After an evaluation, GNOME has moved from Bugzilla to GitLab. Learn more about GitLab.
No new issues can be reported in GNOME Bugzilla anymore.
To report an issue in a GNOME project, go to GNOME GitLab.
Do not go to GNOME Gitlab for: Bluefish, Doxygen, GnuCash, GStreamer, java-gnome, LDTP, NetworkManager, Tomboy.
Bug 787228 - better support for designate-other-coding-system (DOCS)
better support for designate-other-coding-system (DOCS)
Status: RESOLVED OBSOLETE
Product: vte
Classification: Core
Component: general
unspecified
Other All
: Normal enhancement
: ---
Assigned To: VTE Maintainers
VTE Maintainers
Depends on: vteparser
Blocks:
 
 
Reported: 2017-09-03 23:04 UTC by Mike Frysinger
Modified: 2021-06-10 15:24 UTC
See Also:
GNOME target: ---
GNOME version: ---



Description Mike Frysinger 2017-09-03 23:04:59 UTC
unless i'm misreading the vte source, it currently recognizes (but then ignores) these sequences:
- \e%@ - switch to ECMA-35/ISO-2022 mode
- \e%G - switch to UTF-8 mode

ideally it would use these as a signal to control things like GL/GR maps.  specifically, if in UTF-8 mode, GL/GR maps would be ignored completely.  this would prevent accidental switching to graphics maps by LS1/LS0/SCS/etc... sequences (the common "my terminal is corrupted" complaint).

even better would be to support the one-way transition sequences:
- \e%/G - one-way switch to UTF-8 level 1
- \e%/H - one-way switch to UTF-8 level 2
- \e%/I - one-way switch to UTF-8 level 3
i believe VTE already (or at least intends to) support UTF-8 level 3, so making them aliases for each other should be fine.  basically these would be like \e%G, except \e%@ would be ignored after the fact.

even better would be to make the initial mode a configuration option, and by default, VTE starts off in UTF-8 mode.  or maybe does so by detecting the active locale (if it's a Unicode env, default to UTF-8).

mosh mentions this in their tech page:
  https://mosh.org/#techinfo
  Only Mosh will never get stuck in hieroglyphs when a nasty program writes to the terminal.

it also refers to Markus Kuhn's page:
  http://www.cl.cam.ac.uk/~mgk25/unicode.html#term
Comment 1 Egmont Koblinger 2017-09-04 00:04:59 UTC
(In reply to Mike Frysinger from comment #0)

> unless i'm misreading the vte source, it currently recognizes (but then
> ignores) these sequences:
> - \e%@ - switch to ECMA-35/ISO-2022 mode
> - \e%G - switch to UTF-8 mode

That's right.
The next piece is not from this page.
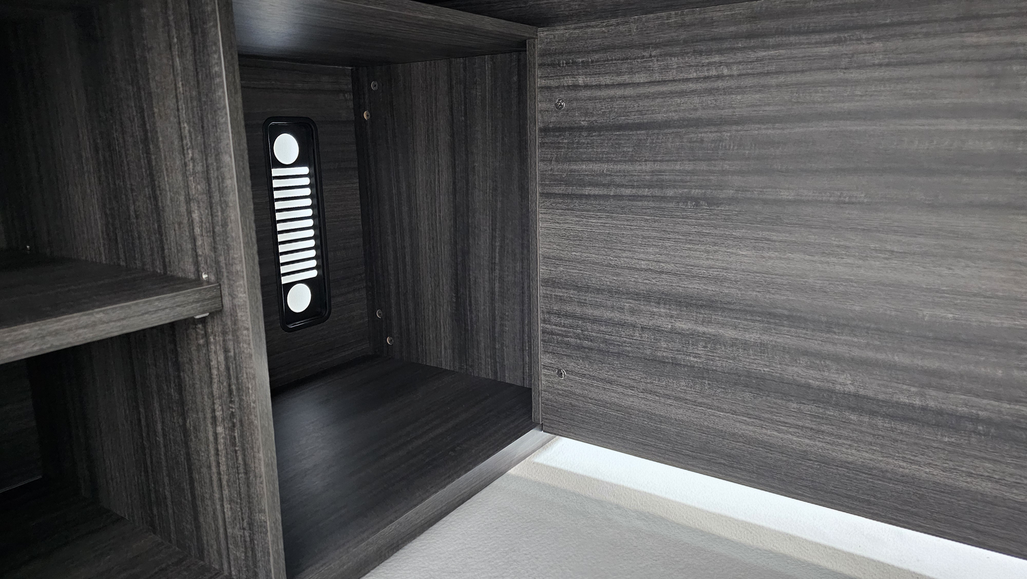 The CF-CRN-H return comes with two drawers, and a shelving unit which is partly on display and can be opened on a sliding door runner track. This return also features a convenient location for your CPU tower, from this section you can allow cables to run to the desktop freely.

Support for runtime encoding switching via escape sequences was removed recently as part of a cleanup/buxfixing spree, see bug 731208 & bug 732586 (and a tiny followup bug 777747). The encoding (i.e. charset) can only be changed via gnome-terminal's profile prefs and menu entries, that is, via VTE's API. (Plus there's the internal state about those few maps, box drawing mode etc.)

> even better would be to support the one-way transition sequences:

I never understood the philosophy of these one-way transitions. I mean, there must be a way to revert what happened. Obviously opening a new terminal tab and closing the current one does that. How about the Reset menu entry, should that revert? I guess so, I think that's what the user expects. How about the "reset" command? I don't think it should, otherwise it wouldn't be called one-way transition if an escape sequence could revert it, would it? And then would it be fine for users if these two did something different? I don't think so. Oops... What was the case with hardware terminals? Did they revert on a physical power off only? (I guess you didn't have to throw them out and buy a new one :-))
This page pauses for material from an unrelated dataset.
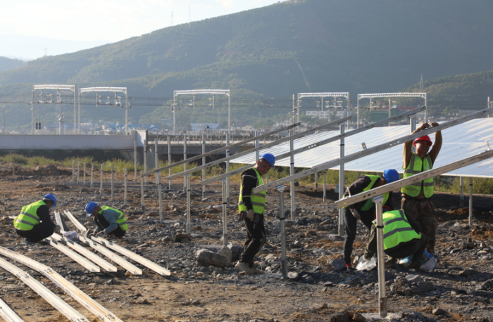 玉磨铁路元江站光伏发电项目的建设现场

Anyhow, further input/research is needed for me on this as well as the LS1 etc. stuff you mentioned.

Our current code is quite simple'n'stupid here (we put quite some effort into killing bugs by simplifying), the modification you suggest would make it more complicated.

What would be the practical benefits of implementing these changes? Who, when and why would emit those one-way switch escape sequences? Wouldn't it cause even more unexpected behavior for the user, by sometimes getting stuck in a different state? – quite the opposite of the goal you're trying to achieve right now with a solution to the "stuck in hyeroglyphs" problem, if I understand you correctly.

> mosh mentions this in their tech page:
>   https://mosh.org/#techinfo
>   Only Mosh will never get stuck in hieroglyphs when a nasty program writes
> to the terminal.
> 
> it also refers to Markus Kuhn's page:
>   http://www.cl.cam.ac.uk/~mgk25/unicode.html#term

I guess this is what PuTTY does too, and it breaks Midnight Commander's frames (if compiled against ncurses), and perhaps plenty of other apps.

Markus Kuhn is absolutely right that theoretically UTF-8 mode should be stateless, whereas he also mentions that many apps use escape sequences to switch to box-drawing mode. Just think of e.g. someone's in-house legacy app from decades ago, full in English, not supporting any non-ASCII at all except for box drawing, not caring about locales or charsets at all. We probably cannot afford to suddenly break this app. That's why none of the emulators I'm aware of except PuTTY (and maybe Mosh, I'm not familiar with that) follows his recommendation.

It's not really okay to require users to run a middle layer (e.g. luit) (well maybe it's okay if it's really just a very few apps), nor to work around mc's (and other apps') box drawing bugs by manually exporting NCURSES_NO_UTF8_ACS=1. I'd be glad though if you could convince ncurses's maintainer to make it the default, it'd take us noticeably closer to Markus's goal.

As for getting stuck in hieroglyphs, I believe distros should begin setting up their default prompt so that it performs some soft reset, e.g. restores the default charset, default colors and attributes etc.
Comment 2 Mike Frysinger 2017-09-05 17:53:03 UTC
(In reply to Egmont Koblinger from comment #1)

i would lean towards the UI->Reset not resetting things, but that'd be up for GNOME.  for the terminal sequences (e.g. `reset`), then no, it should not be possible to transition back to ISO-2022 mode.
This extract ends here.